More on gradient descent however, this excellent post by Jason Brownlee does a good job of explaining the differences between stochastic, mini-batch, and batch gradient descent. When assigning $n$ samples to a batch, the following naming conventions hold:
- stochastic gradient descent: $n=1$
- mini-batch gradient descent: $ 1 < n < $ training sample size
- batch gradient descent: $n = $ training sample size
An epoch may contain many batches (stochastic or mini-batch g.d.), or in the case of batch-gradient descent, one epoch may consist of one batch only.
Implementation: Part Two
Now that importing the dataset, defining the training/testing images/labels, and creating layers have all been done, the next step is to specify the loss function and the optimizer. In this example, the loss function and the optimizer will be designated as categorical cross entropy and RMSProp, each respectively.
network.compile(optimizer='rmsprop',
loss='categorical_crossentropy',
metrics=['accuracy'])
train_images = train_images.reshape((60000, 28 * 28))
train_images = train_images.astype('float32') / 255
test_images = test_images.reshape((10000, 28 * 28))
test_images = test_images.astype('float32') / 255
from tensorflow.keras.utils import to_categorical
train_labels = to_categorical(train_labels)
test_labels = to_categorical(test_labels)
network.fit(train_images, train_labels, epochs=5, batch_size=128)
Epoch 1/5
469/469 [==============================] - 6s 12ms/step - loss: 0.2569 - accuracy: 0.9250
Epoch 2/5
469/469 [==============================] - 6s 12ms/step - loss: 0.1014 - accuracy: 0.9700
Epoch 3/5
469/469 [==============================] - 5s 10ms/step - loss: 0.0666 - accuracy: 0.9802
Epoch 4/5
469/469 [==============================] - 5s 12ms/step - loss: 0.0482 - accuracy: 0.9857
Epoch 5/5
469/469 [==============================] - 5s 11ms/step - loss: 0.0371 - accuracy: 0.9888
<keras.callbacks.History at 0x7fe45c736d50>
test_loss, test_acc = network.evaluate(test_images, test_labels)
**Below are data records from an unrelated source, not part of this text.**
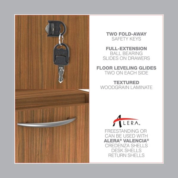Alera Valencia Series Full Pedestal File, Left/Right, 3-Drawer: Box/Box/File, Legal/Letter, Modern Walnut,15.63 x 20.5 x 28.5 – Freestanding pedestal file cabinet that attaches under worksurface. Sturdy, four-sided drawer construction with separate front panel. Full-extension ball bearing slides on file drawer. Drawers lock for securing contents. Durable 3 mm edge banding protects against bumps and dings. Two, fold-away safety keys for a slimmer profile are included.
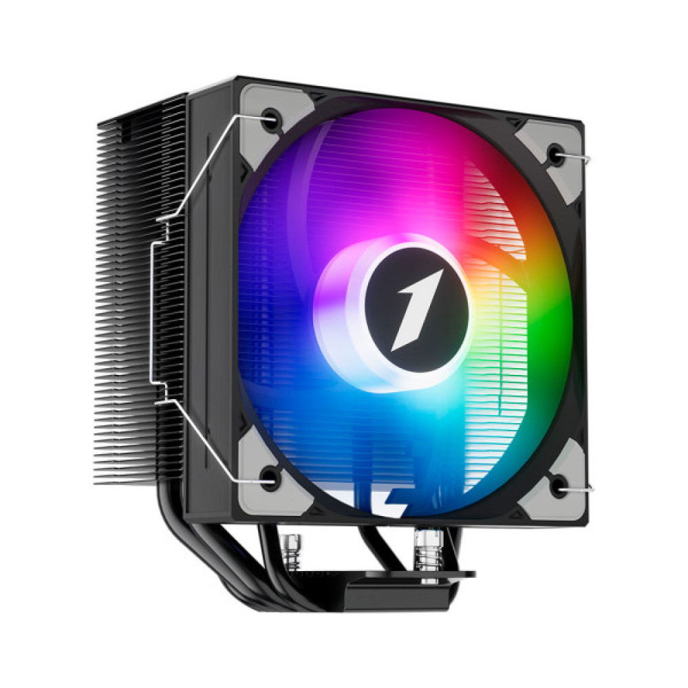 Кулер має 130-мм вентилятор із гідравлічним підшипником, який працює на швидкості 1600 об/хв, забезпечуючи повітряний потік до 78 CFM і рівень шуму до 32.3 дБ. Вентилятор оснащений ARGB-підсвічуванням із керуванням через 4-контактний роз’єм, що додає естетичності системі.
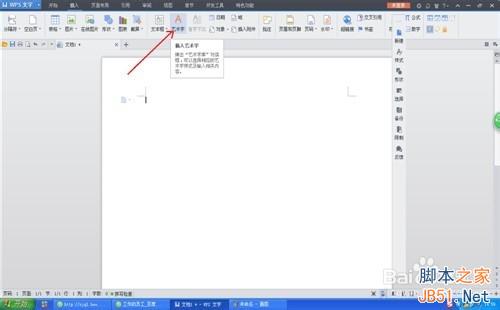 1、打开WPS ,单击菜单栏中的“插入艺术字”。
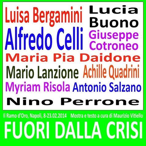 La mostra “Fuori dalla crisi”, allestita nell’accogliente “home-gallery” vomerese di Vincenzo Montella, sensibile operatore delle arti visive a Napoli, desidera rispondere all'esigenza di promuovere, efficacemente, la creatività degli artisti in rapporto alle tendenze culturali del territorio nazionale, nonché delle proiezioni concettuali parallele a considerazioni di sapore euro-mediterraneo per uscire dalla fortissima crisi, che, soprattutto, l’Italia ha dovuto sopportare. “Fuori dalla crisi” rilancia una traccia, seppur minima, di verifica dello stato dell'arte in Italia; è un incontro significativo tra artisti di diverse aree geografiche italiane. Sono presenti: Luisa Bergamini, Lucia Buono, Alfredo Celli, Giuseppe Cotroneo, Maria Pia Daidone, Mario Lanzione, Nino Perrone, Achille Quadrini, Myriam Risola, Antonio Salzano. Da specificare che Giuseppe Cotroneo, Mario Lanzione e Antonio Salzano formano, oggi, il Gruppo “Astrattismo Totale”. Questa rassegna d’arte, che vede insieme dodici indicative presenze con relative recentissime opere d’arte realizzate con diversi codici linguistici, vuole essere un segnale, quasi un concorso ideale per dimensionare un ulteriore contributo di riscontro delle condizioni dell’arte italiana. L’esposizione incapsula, senz’altro, “sensi mediterranei" di artisti di varie località italiane e con all’attivo varie personali, numerose collettive e diverse rassegne, di grande importanza, da “La Quadriennale” di Roma sino a “La Biennale” di Venezia curata da Vittorio Sgarbi. Sollecitazioni, aperture, istanze, pressioni, tensioni, lieviti, stimoli, esiti, palpiti, espansioni e risultati di ricerche vivono nelle loro opere ben legandosi all’urgenza e alla necessità di confrontarsi. Questi artisti, certamente di tono e di qualità, da molti anni sulla scena artistica nazionale, e non solo, differenti per caratteri, ma di spessore e di grande impegno, offrono un serio ventaglio di misurate declinazioni del linguaggio pittorico. Correnti direttive di molteplici modalità espressive convergono per manifestare attendibili interventi e per specificare una possibile misurata ricognizione. Questi artisti con lavori di ricerca, seriamente conosciuti e ampiamente riconosciuti, sostengono un contemporaneo visivo di temperamento euro-mediterraneo e attivano, così, oggi, una prova espositiva per alimentare, in fondo, una resistente apertura futura. Bisogna sottolineare che la creatività nel Mezzogiorno risulta sempre in crescita e i risultati delle varie indagini in campo hanno bisogno di luoghi di confronto per eventuali incontri e discussioni. La serena filosofia di quest'incontro, improntato al confronto di stili, permette al territorio partenopeo di poter recepire un momento squisitamente visivo-culturale, mentre all'orizzonte si tratteggiano ulteriori spunti per scambi aggreganti di nuovi progetti. In quest’esposizione s’incontrano vite vissute; nelle opere si riflettono attraversamenti memoriali; difatti, nelle cognizioni artistiche che si pronunciano la memoria è recepita come cortina iniziale, fondo d’avvio, mentre passaggi diaristici rafforzano e consolidano un campo di profili evocativi, aggettanti, risonanti. Alza il livello qualitativo la metabolizzazione di estremi, quelli epocali e quelli intimistici, quelli sociali e quelli domestici; ogni artista sa delimitare un proprio ambito di ricerca, finitimo agli altri; le rispondenze estetiche vibrano, squillano e si specchiano, nonché movimenti e intrecci rafforzano congetture e rilanciano rimandi. L’incontro vivifica la comunicazione, risana il sentire comune. Arrestare la memoria per assicurarla come testimonianza del vissuto e giungere e sommare anche la pronuncia diaristica permette di rivedere il passato e regolare il presente per “graffiare” il futuro; e sembrano scattare altri possibili incontri di pensieri. Questa mostra è un fecondo meeting di paralleli segni incisi e di espressioni raccolte sul “fil rouge” del ricordo, associato e spinto dalla voglia di andare oltre per poi avvicinarsi a replicare cadenze del motivo del ricordo, quasi a voler rinnovare una sorta di andirivieni tra consumati trascorsi e realizzabili futuri. Le interpretazioni di questi artisti fanno proprio le più liberali ricerche e si articolano a captare movimenti e gesti, la vita con ciò che ci circonda e con ciò che ci abbraccia.

print('test_acc:', test_acc)
313/313 [==============================] - 1s 3ms/step - loss: 0.0644 - accuracy: 0.9799
test_acc: 0.9799000024795532
After five epochs, which is tiny when compared to deep learning models trained with thousands of epochs, one can see that the neural network has achieved 98.88% accuracy on predicting hand-written digits. With the testing set, the accuracy falls to 97.99%, which is due to overfitting–the problem of tuning the model too much based on the training set.
Conclusion
This post marks my first attempt at using Tensorflow to create a deep learning model. In the near future, I hope to go for more interesting tasks using Tensorflow, such as those of computer vision and natural language processing. I hope you enjoyed this post, and thanks for reading.